A recent article by Bill McKibben has three (actually four) incredibly important numbers that we all need to know and use.
The First Number
2
Two degrees Celsius is the maximum amount of warming that the planet can stand without fundamental damage to our way of life. Actually many scientists now view that as overly optimistic, given the amount of damage (heat waves, droughts fires and floods) we are seeing with just 0.8 degrees Celsius.
The Second Number
565
565 Gigatons is the amount of carbon we can put into the atmosphere before hitting that 2 degrees Celsius. Our current rate of addition is about 32 Gigatons per year, and that rate has been edging upward by about 3 % per year, notwithstanding global efforts at renewables, energy conservation, and the Kyoto protocol. The rate of increase has been remarkably stable, regardless of all the scientific data on climate change and the policy changes discussed worldwide.
The Third Number
2795
The current proven reserves of fossil fuels contain 2795 Gigatons of carbon. This is the "proven" reserves, the reserves that fossil fuel companies already know they have on hand, the amount that is reflected in their stock prices, the stuff they bought with every intention of getting it out and burning it, and that their stockholders fully expect them to get out and burn. This does not include any future discoveries or speculative fuels, this is proven reserves that they now own.
This leads directly to the Fourth Number
16
If we can not exceed 565 gigatons, and we continue adding 32 gigatons per year, and rising, we will exceed the maximum tolerable dose in 16 years. That means if your kid is in kindergarten today, catastrophic climate change strikes the whole planet before he leaves highschool. Those who think of climate change as some far off event, need to realize that fundamental change must come very soon, or it is "game over".
So this means we must convince the fossil fuel companies to leave 80 % of their proven reserves in the ground, or the planet dies.
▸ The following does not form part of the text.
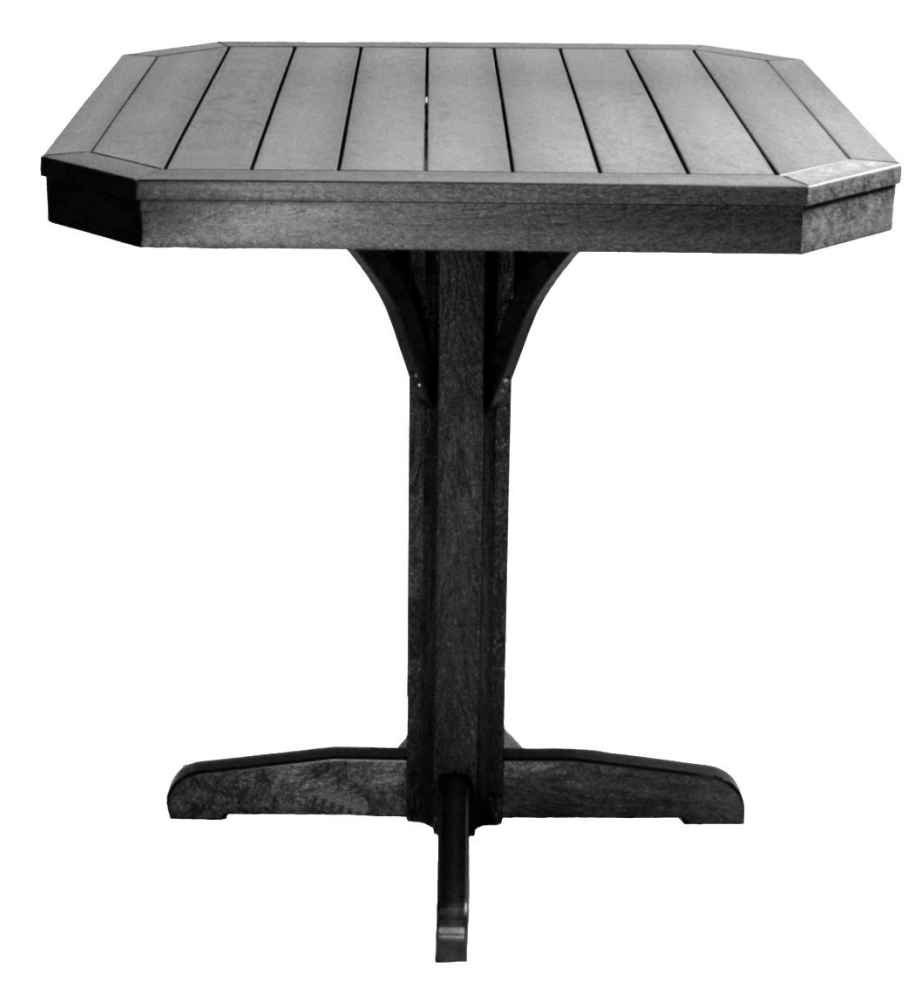
T37 St. Tropez 35" Square Counter Pedestal Table

C.R. Plastic Products Inc. 1 – 533 Romeo Street South Stratford Ontario N5A 4V3 Toll Free: 800-490-1283

Anyone who thinks that Exxon or Arch Coal will have spent the kind of money they did to buy these reserves and will just walk away from them in order to save the planet, has not been paying attention. McKibben argues that the environmental movement needs to clearly identify the "enemy", in order to get the attention of the masses, ans these numbers should clearly identify fossil fuel companies as the "enemy" in the minds of most Americans.